To qualify for the penalty exception, the withdrawals must be a series of substantially equal periodic payments. The general idea is that you can tap your IRA (or company plan if no longer working there) before 59½ without a 10% penalty if you commit to a plan of withdrawals according to the rules set out in Section 72(t)(2)(A)(iv) of the Internal Revenue code. Clients can begin a 72(t) payment schedule from an IRA at any age, even if they are still working. These payments must continue for at least five years or until age 59½, whichever period is longer and the distributions cannot be rolled over.

There are a number of additional rules associated with 72(t) payment schedules. You must take consistent distributions, not modify the agreed upon schedule or account and pay the appropriate tax. If you violate this contract ( by rolling the distribution over, for example), then the 10% penalty will apply to all distributions taken prior to age 59 ½. This is known as the recapture penalty).

Take the hypothetical client Ron, for example. Ron is 60. He started a surf and paddleboard rental business when he was 56 and was desperate for cash. Ron agreed to a 72(t) series of substantially equal periodic payments from his IRA. Remember that the rule is that these payments must continue for at least five years or until age 59½, whichever period is longer.

Ron’s rental business is doing well, and he no longer needs the 72(t) payments from his IRA. Ron thinks that because he is older than 59 ½, he can stop taking distributions and delay the taxes due. Before Ron speaks with his advisor, he receives an automated 72(t) distribution. Ron takes the funds and rolls them into a second IRA at another institution. With that move, he has just blown the 72(t) payment schedule and will owe the 10% penalty retroactively for all prior distributions taken before he reached age 59 ½.

The unsuspecting bank that accepted the ineligible rollover will issue Form 5498 showing the rollover into their institution. Now Ron has an excess contribution that needs to be rectified.

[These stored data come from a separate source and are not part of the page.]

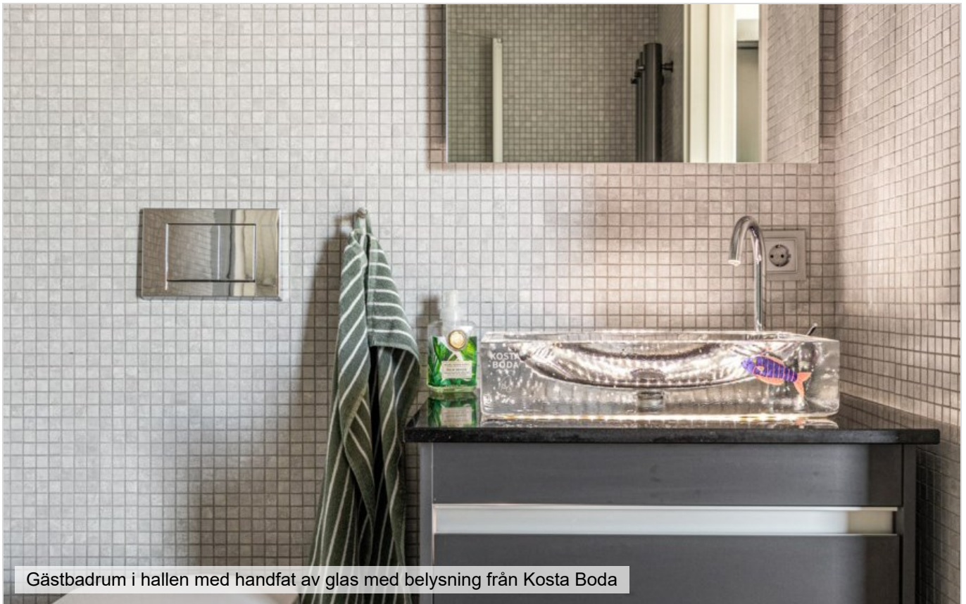
Gästbadrum i hallen med handfat av glas med belysning från Kosta Boda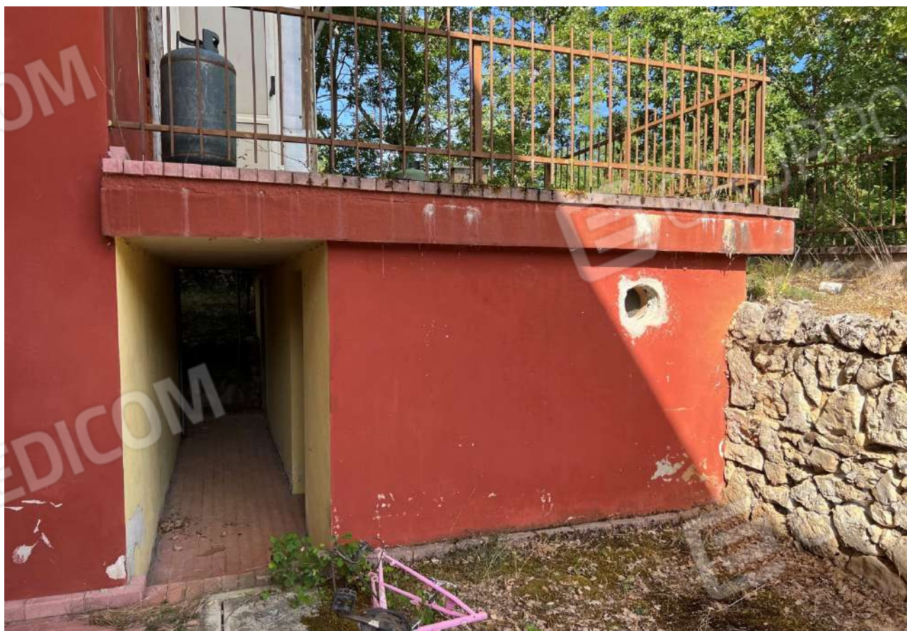
FOTO 14: Veduta esterna vano cantina di pertinenza Lotto 3, Corpo A-piano terra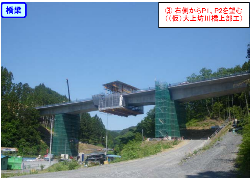
③ 右側からP1、P2を望む ((仮)大上坊川橋上部工)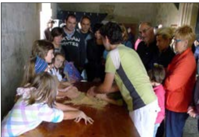
Gozogintzako tailerlean majo disfrutatu zuten txikienek.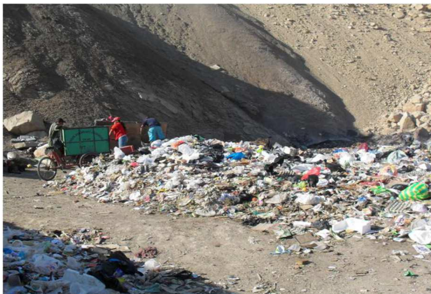
Figura 5 Botadero en Mercado Modelo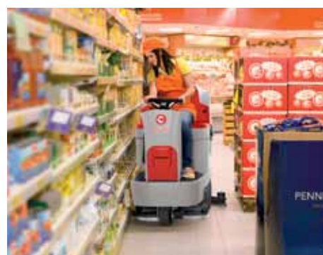
Fácil sustitución de las gomas sin el uso de herramientas en la exclusiva boquilla de aspiración Comac (Patent Pending)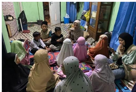
Gambar 8. Belajar Malam

Terlepas dari itu semua, kami berusaha memberikan contoh dan akhlak yang baik kepada orang yang lebih tua, sesama teman dan lingkungan. Kalau mereka melakukan hal yang tidak baik selama proses pembelajaran, maka kami akan menegur mereka dan menasehatinya.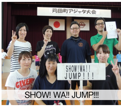
SHOW! WA!! JUMP!!!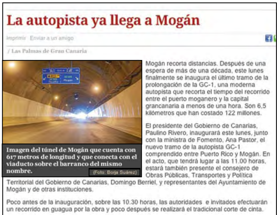
Faksimile av Canaria7 nettutgave 25/3 2013

I tillegg til øypresidenten deltok også flere andre representanter for regionale og lokale myndigheter,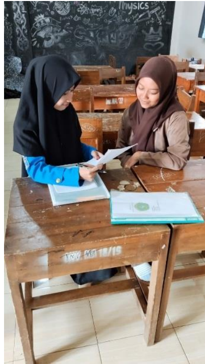
Wawancara dengan siswi kelas XI-1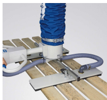
Duplafejes megfogó FM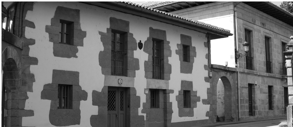
Типичная архитектура города Герника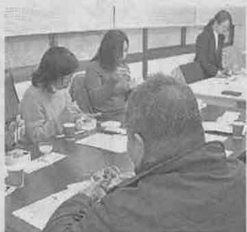
非営利団体の薬膳講座で、講師が用意した弁当を食べる参加者。1月、東京都台東区。

(飲食店経営の男性)と健康意識が軒並み高い。管理栄養士の女性は「うなずく内容が多い。知識をもっと身に付けたい」と話した。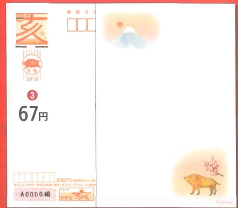
3 絵入り[寄附金付]全国版「いのしし」 *寄附金額は1枚につき5円です。

Another way a botched rollover can mess up a perfectly good 72(t) distribution schedule, is when eligible rollover dollars go into the IRA that is subject to an active 72(t) payment schedule. That rollover of new funds into this IRA will modify the IRA balance and trigger the retroactive 10% penalty.

6. Different property

If a client withdraws cash from an IRA, then only cash can be rolled back over. If a client withdraws stock from an IRA, then only that stock is eligible to be rolled back over. It must be the same property, otherwise it cannot be rolled over.

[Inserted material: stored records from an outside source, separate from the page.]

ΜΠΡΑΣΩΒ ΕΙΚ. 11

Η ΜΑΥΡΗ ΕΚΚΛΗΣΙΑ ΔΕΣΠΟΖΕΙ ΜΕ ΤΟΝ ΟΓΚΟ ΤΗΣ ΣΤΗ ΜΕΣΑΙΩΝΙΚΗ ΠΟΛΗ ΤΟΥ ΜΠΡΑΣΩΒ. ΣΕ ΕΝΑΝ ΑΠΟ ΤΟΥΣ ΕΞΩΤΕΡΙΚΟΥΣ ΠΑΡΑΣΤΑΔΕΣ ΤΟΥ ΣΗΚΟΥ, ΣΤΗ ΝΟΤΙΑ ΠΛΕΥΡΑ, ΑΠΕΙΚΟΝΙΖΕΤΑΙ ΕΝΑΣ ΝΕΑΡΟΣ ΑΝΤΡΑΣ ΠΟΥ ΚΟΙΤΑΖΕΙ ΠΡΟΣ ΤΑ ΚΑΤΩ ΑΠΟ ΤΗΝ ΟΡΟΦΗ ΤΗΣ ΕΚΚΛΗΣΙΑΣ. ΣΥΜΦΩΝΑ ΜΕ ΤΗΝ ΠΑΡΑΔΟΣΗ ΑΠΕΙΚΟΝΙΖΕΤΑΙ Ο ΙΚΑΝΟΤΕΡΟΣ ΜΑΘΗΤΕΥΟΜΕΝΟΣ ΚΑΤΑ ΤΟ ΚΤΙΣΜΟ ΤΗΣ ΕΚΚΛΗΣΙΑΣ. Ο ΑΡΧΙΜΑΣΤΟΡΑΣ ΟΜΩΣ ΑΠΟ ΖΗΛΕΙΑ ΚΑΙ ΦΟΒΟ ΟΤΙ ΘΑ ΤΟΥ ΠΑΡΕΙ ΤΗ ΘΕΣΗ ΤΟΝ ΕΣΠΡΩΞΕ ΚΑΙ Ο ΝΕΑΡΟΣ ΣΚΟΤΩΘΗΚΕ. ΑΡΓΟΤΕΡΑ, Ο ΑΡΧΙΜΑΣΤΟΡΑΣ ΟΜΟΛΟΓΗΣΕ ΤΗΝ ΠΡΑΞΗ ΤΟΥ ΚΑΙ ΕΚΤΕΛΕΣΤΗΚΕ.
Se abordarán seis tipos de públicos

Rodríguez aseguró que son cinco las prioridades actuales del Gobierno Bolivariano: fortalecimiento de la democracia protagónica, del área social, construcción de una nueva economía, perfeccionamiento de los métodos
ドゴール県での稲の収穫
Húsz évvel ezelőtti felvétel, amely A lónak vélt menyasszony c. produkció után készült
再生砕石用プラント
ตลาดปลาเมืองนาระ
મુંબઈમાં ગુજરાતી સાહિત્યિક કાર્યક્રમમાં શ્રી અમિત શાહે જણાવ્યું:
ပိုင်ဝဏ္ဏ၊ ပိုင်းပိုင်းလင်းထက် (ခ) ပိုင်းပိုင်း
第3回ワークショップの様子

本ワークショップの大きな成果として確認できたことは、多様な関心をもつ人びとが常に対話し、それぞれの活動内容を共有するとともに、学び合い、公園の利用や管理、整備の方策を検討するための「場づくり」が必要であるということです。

For IRA-to-IRA or Roth-to-Roth 60-day rollovers, the same property received is the property that must be rolled over. For example, an individual could not receive a distribution of cash and then roll over shares of stock that he purchases with the cash or that he currently owns. Clients cannot receive a distribution of stock in XYZ company and rollover an equivalent value in shares of ABC company stock.

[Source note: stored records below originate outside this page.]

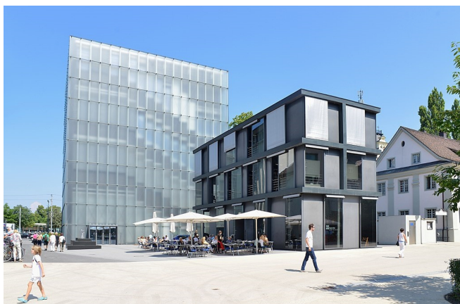
Kunsthhaus Bregenz

Anschließend individuelle Mittagspause oben auf dem Berg oder in der Stadt und Zeit zur freien Verfügung. Zahlreiche Cafés und Restaurants laden zum Verweilen ein.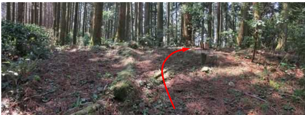
水無林道分岐に出会う。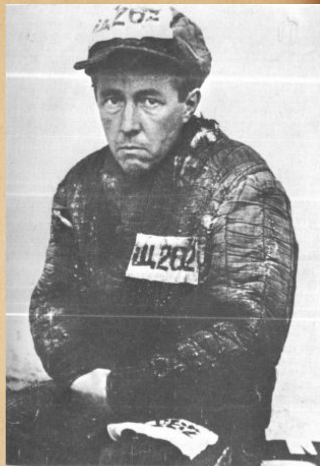
1. Особлаг (сразу по выходе), 1953 г.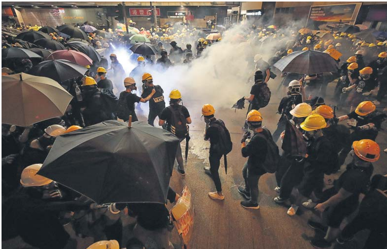
Los manifestantes utilizaron todo tipo de objetos contra la policía durante las últimas protestas en Hong Kong.

empresa de vigilancia Premier Services, por Élite Taxi y el grupo Patrulla Ciudadana, que alerta de la presencia de carteristas en el metro. La entidad reunió el pasado sábado en Ciutat Vella a más de 400 personas entre vecinos, comerciantes y hoteleros. En el acto se anunciaron las acciones previstas, entre ellas, una protesta durante las Festes de la Mercè, a finales de septiembre. Para Batlle, no «puede existir una autoorganización en un tema tan sensible que es responsabilidad de las administraciones». ●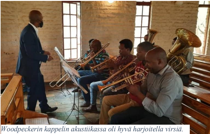
Woodpeckerin kappelin akustiikassa oli hyvä harjoitella virsiä.

Musiikin, liturgian ja jumalanpalveluselämän kehittämishankkeessa päästiin myös mukavasti vauhtiin. Woodpeckerin keskuksessa Botswanassa kokoontui lokakuun lopussa kolmen luterilaisen kirkon edustajia. Lusakassa Sambiasa 11.-14.11. taas kahden sikäläisen luterilaisen kirkon edustajia. Molemmissa kävimme läpi liturgian sisältöä, musiikin merkitystä ja lopulta jumalanpalveluksen kontekstualisoinnin mahdollisuuksia. Vastaanotto oli rohkaisevan innostunutta ja työskentelyä halutaan jatkaa.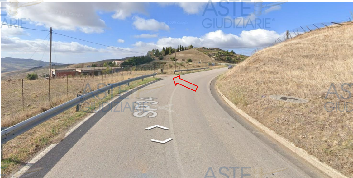
Foto passo carraio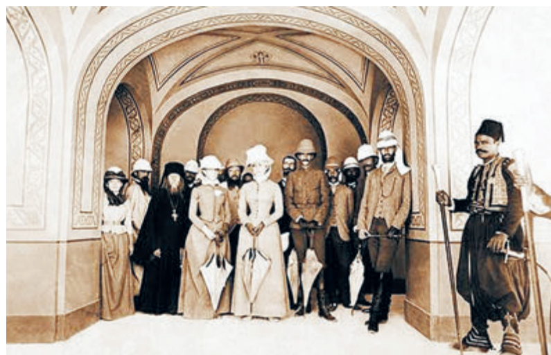
Великий князь Сергей Александрович и великая княгиня Елизавета Федоровна в храме Марии Магдалины в Иерусалиме. 1888 год.

было создано Императорское православное палестинское общество. 21 мая (3 июня по новому стилю) в Санкт-Петербурге состоялось торжественное собрание членов-учредителей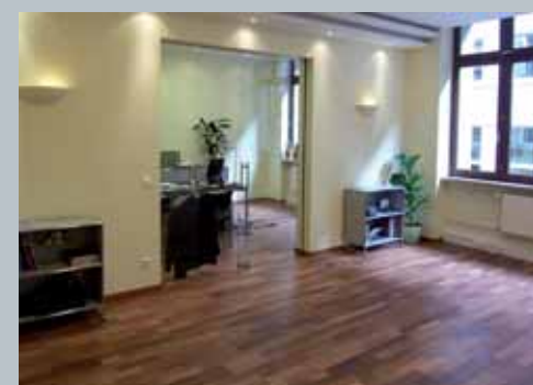
Zum Einsatz kamen SERIES 4000-Korkböden mit Ahorn- und Mahagonifurnier.

There is one exception: Property distributed from a company plan can be sold and the cash received – but no other type of replacement property – can be rolled over to an IRA.

7. Divorce

When IRA funds split in a divorce are withdrawn, those funds are taxable and cannot be rolled over to the ex-spouse’s IRA. Trying to do so is a common and very expensive mistake.

For example, Jim and Jenna, both 48 years old, get divorced. It is amicable, and the former couple wants things to run as smoothly as possible. The divorce agreement states that Jim and Jenna will split Jim’s $300,000 IRA equally. Jim goes to the bank and withdraws $150,000. He deposits the money into a joint checking account with his ex-wife. Jenna writes a check for $150,000 to her own IRA and tells the bank it is a “rollover from another IRA.” Unfortunately, this cannot be rolled over. Jim will be taxed on the $150,000 and will owe a 10% penalty since he is under 59 ½. Jenna could be hit with an excess contribution penalty on the $150,000.

To avoid this tax consequence, IRA funds should be moved from one spouse’s IRA to the other’s, via a tax-free direct transfer.

The upshot of all this is that advisors should know which retirement funds can and cannot be rolled over and advise clients before any funds are moved. This simple advance planning can save a retirement account.